I could see him on the edge of my periphery, darkness shrouded in darkness, enormous arms gripping the steering wheel, eyes unwavering even as his heart was pumping more whiskey than blood. The farther we drove along that deserted stretch of valley road, the more aware I became of the immense and terrible presence of his body, and of all the terrible acts it was capable of perpetrating, directly and indirectly.

I said, “Dad. It’s been a long day. You mind if I grab a quick nap till we get to the hotel?”

He looked away from the road. I was too out of it to realize what an ominous sign that was, or to perceive the narrow tightrope I was walking. “As a matter of fact, I do mind. You don’t go to sleep when someone else is driving. It’s bad manners.”

“Sorry. I didn’t think of that.”

“Speaking of bad manners, you never thanked me for introducing you to Livia. Seems like the sort of thing you should make a point to do, to show your appreciation. You should do it now, in fact. Right now.”

I could feel the tension building the longer Dad waited for me to thank him. It was easy to lie. I was just beginning to realize that. But this time I chose against self-preservation. I said, “Introducing us. So that’s how you see it.”
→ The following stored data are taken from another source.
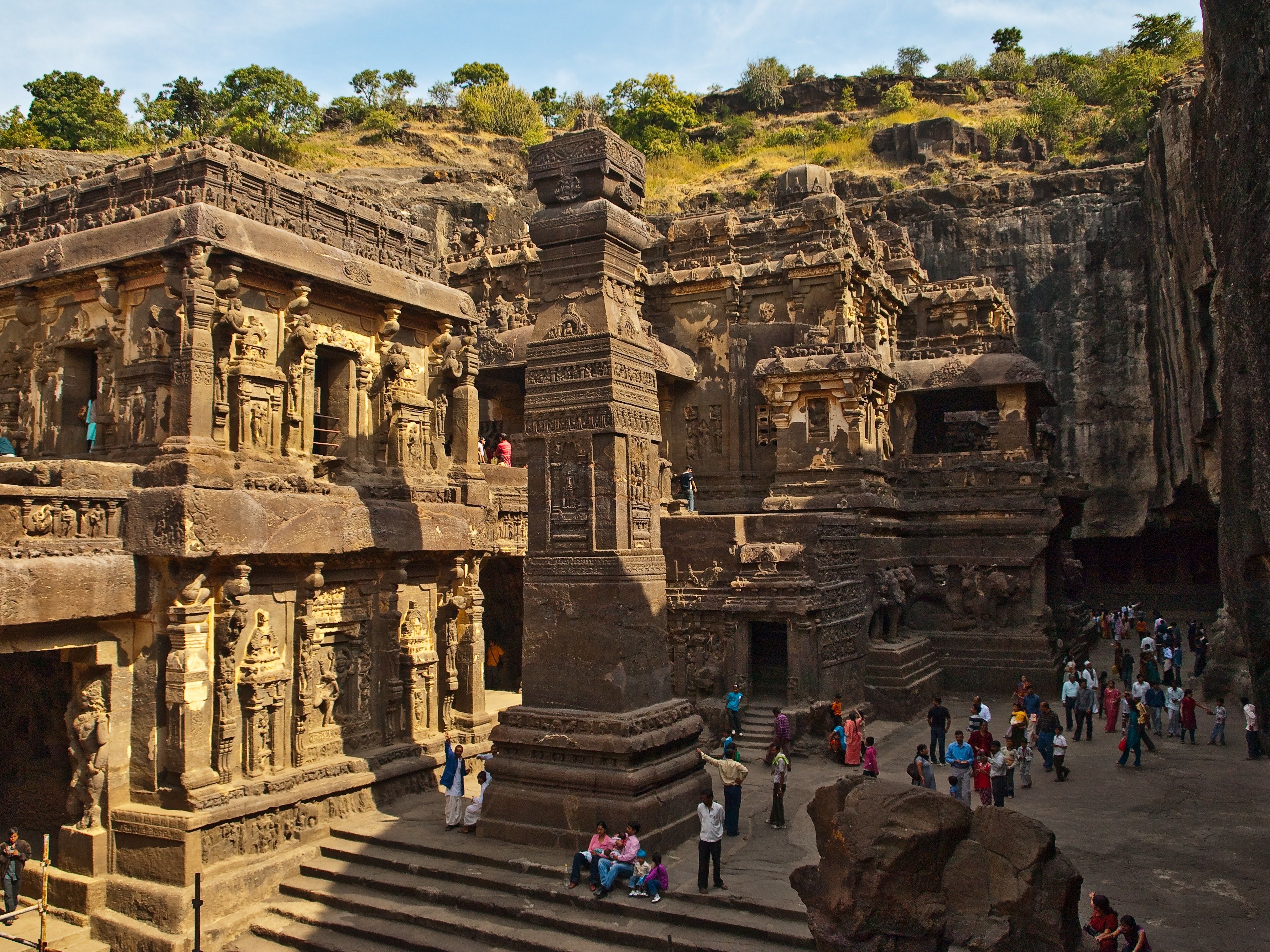 The Kailasa Temple is one of 100-odd rock-cut cave temples and monasteries at Ellora (Verul to the locals), around 30 km north-west of Aurangabad in Maharashtra. Collectively called the ‘Ellora Caves’ – one of the largest religious cave complexes in the world – all the caves are sculpted into a basalt cliff-face and spread across a 2-km area. However, only 34 of them are accessible to the public. These shrines and monastic complexes, which boast beautiful figures and motifs intricately carved into stone, comprise 12 Buddhist caves, 17 Hindu temples and 5 Jain temples built between 600 CE and 1000 CE.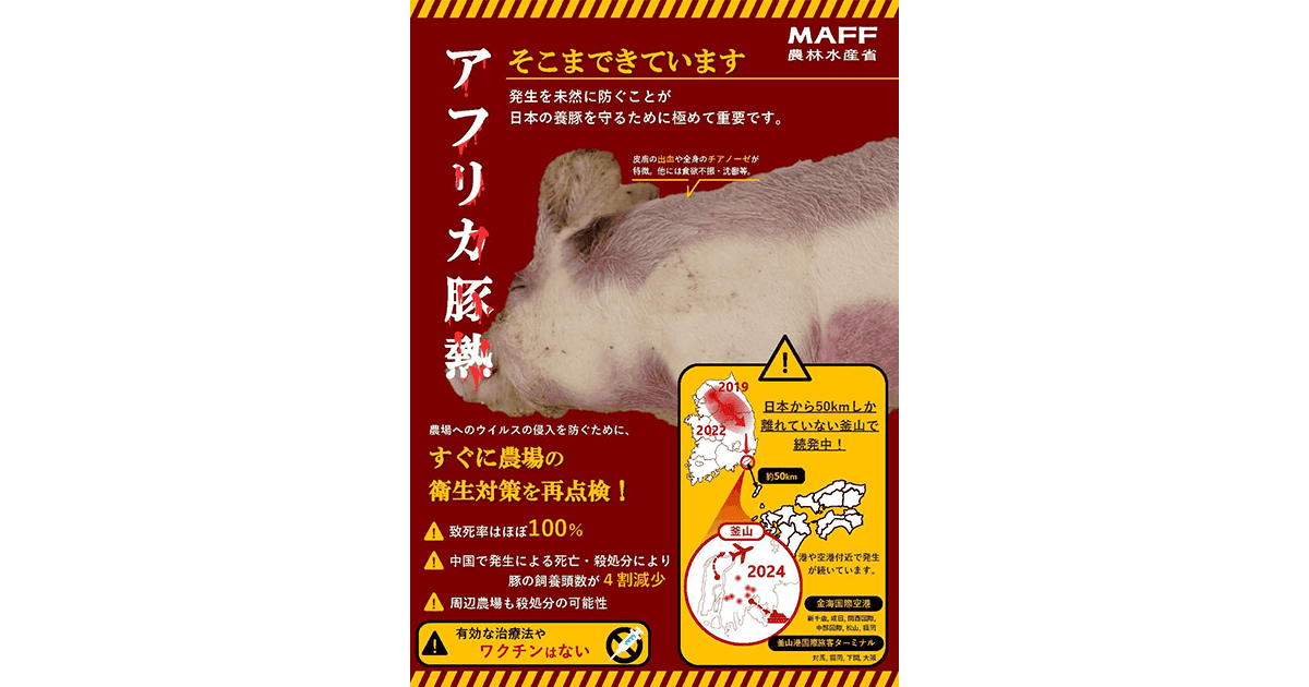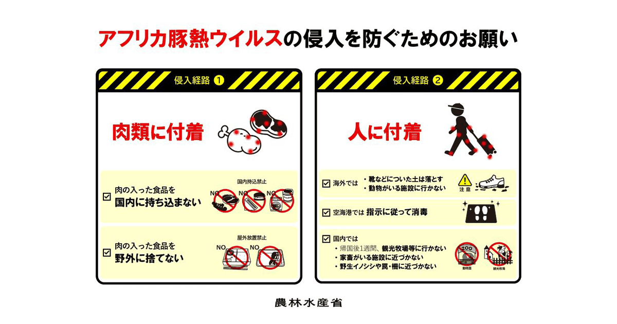 世界中で猛威を振るっているアフリカ豚熱(ASF)がわが国にも迫っています。ASFが発生すると、養豚産業に甚大な損害を与えるだけでなく、豚肉の価格が高騰する等、消費者にとっても大きな影響を及ぼす可能性があります。ASF等の家畜伝染病を水際で防ぐため、一人一人ができる対策を行うことが重要です。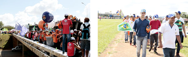 DISPOSIÇÃO - Com faixa, bandeiras, cartazes e muita disposição de luta, os trabalhadores se concentraram no Estádio Mané Garrincha e depois seguiram em caminhada até a Esplanada dos Ministérios. Palavras de ordem foram entoadas, lideranças exigiram um País mais justo, igualitário e honesto. Todos os participantes que utilizaram-se da fala nos caminhões de som não aceitam as ditas "reformas necessárias" e se manifestaram contrários à corrupção alastrada por todo o País. |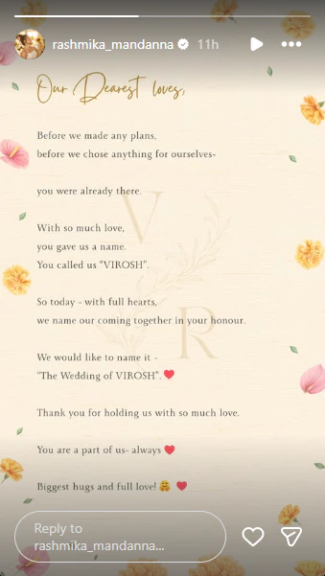 विजय और रश्मिका ने हाल ही में एक संयुक्त बयान जारी करके अपनी शादी की पुष्टि कर दी है। दोनों ने बताया कि उनकी शादी को आधिकारिक रूप से ‘द वेडिंग ऑफ VIROSH’ कहा जाएगा। खास बात यह है कि यह नाम किसी वेडिंग प्लानर या पारिवारिक परंपरा से नहीं, बल्कि उनके फैंस द्वारा सालों पहले प्यार से दिए गए नाम से जुड़ा है।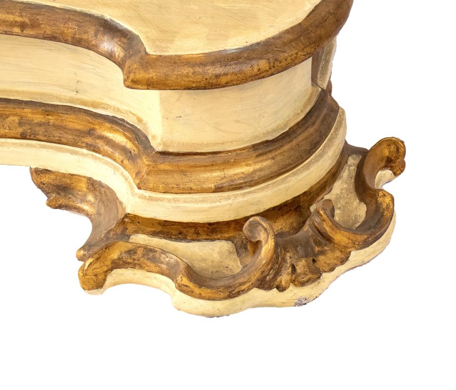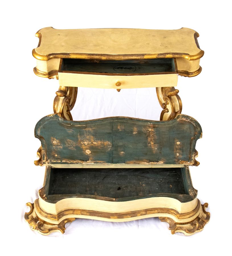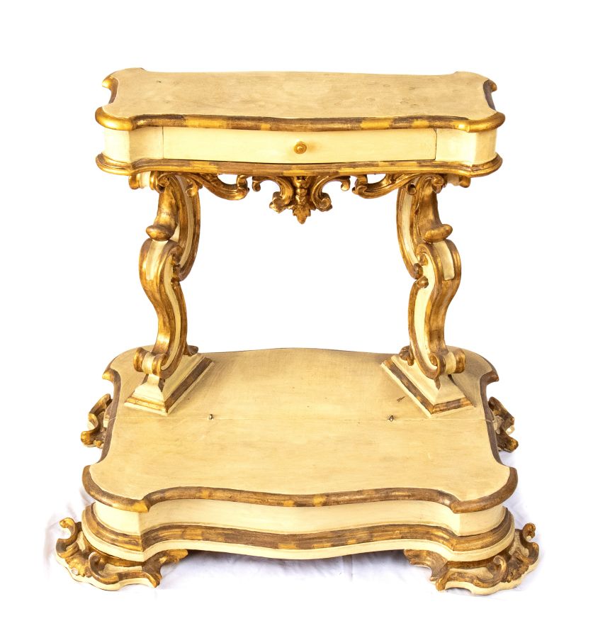 Altezza x larghezza x profondità: 87 x 100 x 70 cm laccato e con parti dorate a foglia , piano con cassetto sorretto da due colonne scolpite e poggianti su basamento rettangolare mosso, che cela un vano per i libri.

Dad started to swerve into the opposing lane. He jerked the wheel abruptly to get us back between the lines. “I’m going to give you the benefit of the doubt and trust you’re too drunk to know what you’re saying. But whether tonight or tomorrow, come hell or high water, you are going to thank me for all I’ve done for you tonight. That’s not an option.”

“Have fun waiting for it, then.”

“I’m not joking around. You keep running your mouth and I’ll run us off the road.”

“Go ahead and do it. See if I care.” I stared out the window and waited for the road to disappear out from under us. Of course he would never really do anything so dramatic. Not if it meant putting his own well-being at risk. One day in his company and I already felt like I understood what was going on in his head, even if what lay in his heart remained a fearful mystery to me. I said, “Just tell me one thing. Why her? Of all the girls you could have picked out, why that one?”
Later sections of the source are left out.